The amount of opioid prescribed influenced risk of continued opioid use. Authors of the study found that a cumulative dose of more than 700 morphine-milligram equivalents were several times more likely to become chronic opioid prescription users than those patients prescribed less than this amount.
The study looked at regional differences too. Of the patients who continued prescription opioid use for more than three years, 38% lived in the South. Only 19% lived in the East, and Midwestern patient accounted for 31% of users of opioids for more three years. Western patients accounted for around 9% of these patients, and the rest couldn’t be classified as to area of the country for some reason.
I doubt this regional variation is from differences in medical issues of the patients. I suspect these differences are due to physician prescribing practices. I could be wrong. The study authors didn’t elaborate on this data. Maybe doctors in the South are getting it right, and doctors in other areas are undertreating pain. However, many southern states have high opioid use disorder rates, and high opioid overdose death rates. And relative to the entire world, the U.S. takes more than its share of opioid medications, as shown in the graph at the beginning of this blog.
Of course, this study doesn’t show cause and effect, just an association. Longer initial opioid prescriptions are associated with continuation of opioid prescriptions for more than a year; however, perhaps the conditions being treated in that group of patients were more severe.
This study looked to see if there was an association between which opioid was prescribed and the risk of long-term opioid use. Patients given prescriptions of long-acting opioids were more likely to have long-term use. That’s no unexpected, but the second most likely medication to be associated with long term use was tramadol.
Tramadol is still mistaken thought by many physicians to be a benign pain medication, unlikely to cause physical dependence or substance use disorder. But in this study, more than 64% of patients who were started on tramadol were still taking some sort of opioid one year later.
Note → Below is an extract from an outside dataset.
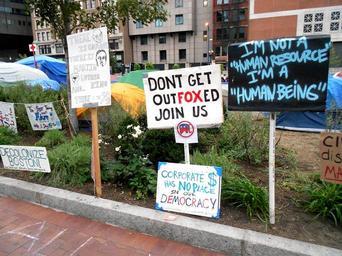 Keywords: Signs at Occupy Boston 2.jpeg en Protest signs outside of Occupy Boston 2011-10-23 own GorillaWarfare 42 35283 -71 05557 cc-zero Uploaded with UploadWizard Occupy Boston Banners and signs at demonstrations and protests

As an aside, I’ve seen a fair number of patients present for treatment of their opioid use disorder who used tramadol, usually with other opioids. And some of the worst withdrawals I’ve seen have been with tramadol, with high fevers along with other more typical opioid withdrawal symptoms.
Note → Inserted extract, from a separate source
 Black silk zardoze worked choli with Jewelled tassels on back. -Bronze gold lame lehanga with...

This study’s authors recommended limiting the initial opioid prescription to less than seven days when possible, to reduce the risk of continued opioid prescription and use. Since their data found that a second opioid prescription roughly doubled the patient’s risk of being on opioids for more than a year, the authors also recommended serious consideration of the second prescription.
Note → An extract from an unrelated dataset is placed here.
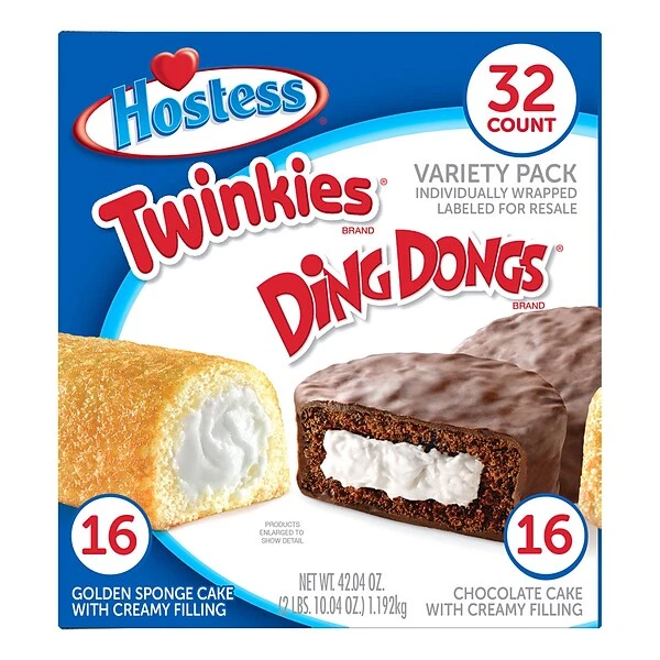- A 32 count box of Hostess Twinkies and Ding Dongs

This study makes intuitive sense. It showed that the longer the number of days of the initial prescription, the greater than risk of the patient still being on opioids one year later.
But what surprised me was the degree of increased risk, even with only a second prescription, and even with only more than seven days prescribed.
Readers may ask, what’s the big deal about being on opioids for more than one year? That doesn’t necessarily mean the patient has opioid use disorder. That is correct, and this study isn’t saying these patients who became chronic users of opioid pain medication developed opioid use disorder.
However, as the authors say in their summary, previous research does show an increased risk for harm in patients on long-term opioid therapy.
In view of our current opioid overdose death problem, it would seem prudent to limit risk to patients. We can use this information, and be cautious about prescribing more than seven days of opioids. We (physicians) should carefully consider whether to give second opioid prescriptions, and be more cautious about prescribing tramadol and long-acting opioids.